YOUR INSTRUCTIONS:
Each record that comes next should be output exactly; pictures do not belong in the copy.

_ _ _ _

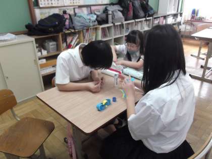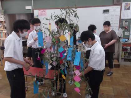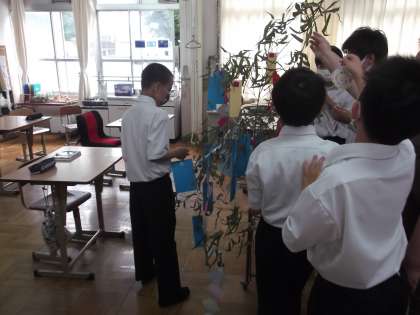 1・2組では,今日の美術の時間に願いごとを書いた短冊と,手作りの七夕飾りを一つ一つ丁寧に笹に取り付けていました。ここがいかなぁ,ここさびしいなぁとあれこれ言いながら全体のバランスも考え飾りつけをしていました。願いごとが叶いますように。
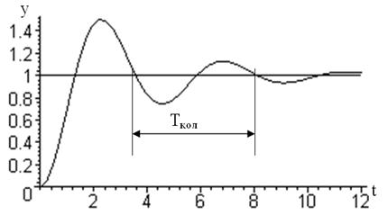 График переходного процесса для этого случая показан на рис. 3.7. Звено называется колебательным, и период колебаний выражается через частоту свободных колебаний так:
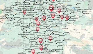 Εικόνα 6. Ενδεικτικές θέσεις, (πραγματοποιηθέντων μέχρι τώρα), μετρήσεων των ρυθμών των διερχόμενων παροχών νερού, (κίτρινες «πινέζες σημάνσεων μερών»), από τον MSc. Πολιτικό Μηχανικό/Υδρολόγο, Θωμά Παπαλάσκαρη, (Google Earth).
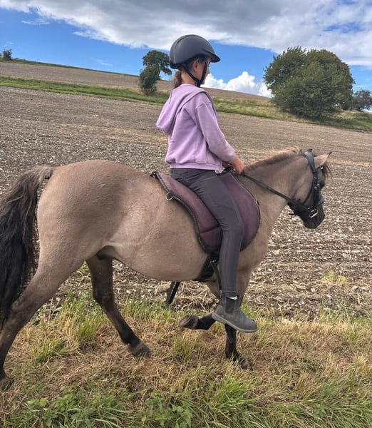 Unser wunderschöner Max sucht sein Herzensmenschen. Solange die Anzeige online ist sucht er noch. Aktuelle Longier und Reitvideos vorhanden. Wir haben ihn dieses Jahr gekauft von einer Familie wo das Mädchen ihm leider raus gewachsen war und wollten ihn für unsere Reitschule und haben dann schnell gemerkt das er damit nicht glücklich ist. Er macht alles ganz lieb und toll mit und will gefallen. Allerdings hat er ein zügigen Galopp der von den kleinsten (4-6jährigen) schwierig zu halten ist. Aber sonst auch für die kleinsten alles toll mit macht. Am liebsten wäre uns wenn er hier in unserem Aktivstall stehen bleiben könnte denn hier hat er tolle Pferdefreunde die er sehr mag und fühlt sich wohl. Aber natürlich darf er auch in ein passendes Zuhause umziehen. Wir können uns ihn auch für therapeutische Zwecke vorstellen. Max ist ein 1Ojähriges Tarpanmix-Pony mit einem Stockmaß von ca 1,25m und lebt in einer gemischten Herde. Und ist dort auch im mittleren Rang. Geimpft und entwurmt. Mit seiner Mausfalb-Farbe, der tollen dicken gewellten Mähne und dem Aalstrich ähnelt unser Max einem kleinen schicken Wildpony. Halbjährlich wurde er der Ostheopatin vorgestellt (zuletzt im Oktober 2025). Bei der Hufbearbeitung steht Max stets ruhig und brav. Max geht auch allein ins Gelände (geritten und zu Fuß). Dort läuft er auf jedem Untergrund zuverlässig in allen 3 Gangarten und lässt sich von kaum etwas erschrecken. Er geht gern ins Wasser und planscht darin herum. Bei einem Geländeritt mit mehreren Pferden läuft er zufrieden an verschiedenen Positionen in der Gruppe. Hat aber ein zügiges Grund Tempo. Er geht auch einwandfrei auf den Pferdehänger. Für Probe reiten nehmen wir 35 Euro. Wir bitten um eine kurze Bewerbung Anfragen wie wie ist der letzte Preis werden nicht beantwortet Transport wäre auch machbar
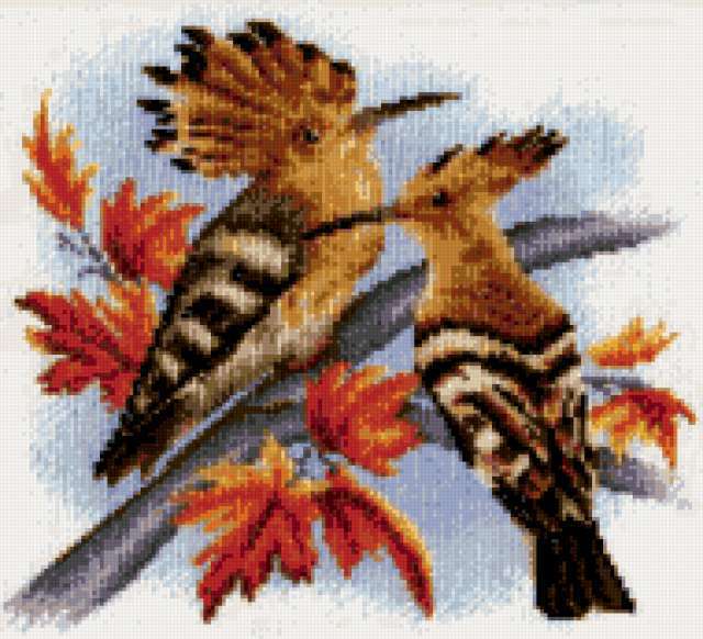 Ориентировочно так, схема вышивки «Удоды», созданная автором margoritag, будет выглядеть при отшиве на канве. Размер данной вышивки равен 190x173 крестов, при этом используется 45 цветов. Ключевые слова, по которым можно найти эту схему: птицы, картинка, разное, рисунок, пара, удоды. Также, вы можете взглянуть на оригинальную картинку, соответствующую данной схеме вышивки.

_ _ _ _

RESULT BELOW:
 1・2組では,今日の美術の時間に願いごとを書いた短冊と,手作りの七夕飾りを一つ一つ丁寧に笹に取り付けていました。ここがいかなぁ,ここさびしいなぁとあれこれ言いながら全体のバランスも考え飾りつけをしていました。願いごとが叶いますように。
 График переходного процесса для этого случая показан на рис. 3.7. Звено называется колебательным, и период колебаний выражается через частоту свободных колебаний так:
 Εικόνα 6. Ενδεικτικές θέσεις, (πραγματοποιηθέντων μέχρι τώρα), μετρήσεων των ρυθμών των διερχόμενων παροχών νερού, (κίτρινες «πινέζες σημάνσεων μερών»), από τον MSc. Πολιτικό Μηχανικό/Υδρολόγο, Θωμά Παπαλάσκαρη, (Google Earth).
 Unser wunderschöner Max sucht sein Herzensmenschen. Solange die Anzeige online ist sucht er noch. Aktuelle Longier und Reitvideos vorhanden. Wir haben ihn dieses Jahr gekauft von einer Familie wo das Mädchen ihm leider raus gewachsen war und wollten ihn für unsere Reitschule und haben dann schnell gemerkt das er damit nicht glücklich ist. Er macht alles ganz lieb und toll mit und will gefallen. Allerdings hat er ein zügigen Galopp der von den kleinsten (4-6jährigen) schwierig zu halten ist. Aber sonst auch für die kleinsten alles toll mit macht. Am liebsten wäre uns wenn er hier in unserem Aktivstall stehen bleiben könnte denn hier hat er tolle Pferdefreunde die er sehr mag und fühlt sich wohl. Aber natürlich darf er auch in ein passendes Zuhause umziehen. Wir können uns ihn auch für therapeutische Zwecke vorstellen. Max ist ein 1Ojähriges Tarpanmix-Pony mit einem Stockmaß von ca 1,25m und lebt in einer gemischten Herde. Und ist dort auch im mittleren Rang. Geimpft und entwurmt. Mit seiner Mausfalb-Farbe, der tollen dicken gewellten Mähne und dem Aalstrich ähnelt unser Max einem kleinen schicken Wildpony. Halbjährlich wurde er der Ostheopatin vorgestellt (zuletzt im Oktober 2025). Bei der Hufbearbeitung steht Max stets ruhig und brav. Max geht auch allein ins Gelände (geritten und zu Fuß). Dort läuft er auf jedem Untergrund zuverlässig in allen 3 Gangarten und lässt sich von kaum etwas erschrecken. Er geht gern ins Wasser und planscht darin herum. Bei einem Geländeritt mit mehreren Pferden läuft er zufrieden an verschiedenen Positionen in der Gruppe. Hat aber ein zügiges Grund Tempo. Er geht auch einwandfrei auf den Pferdehänger. Für Probe reiten nehmen wir 35 Euro. Wir bitten um eine kurze Bewerbung Anfragen wie wie ist der letzte Preis werden nicht beantwortet Transport wäre auch machbar
 Ориентировочно так, схема вышивки «Удоды», созданная автором margoritag, будет выглядеть при отшиве на канве. Размер данной вышивки равен 190x173 крестов, при этом используется 45 цветов. Ключевые слова, по которым можно найти эту схему: птицы, картинка, разное, рисунок, пара, удоды. Также, вы можете взглянуть на оригинальную картинку, соответствующую данной схеме вышивки.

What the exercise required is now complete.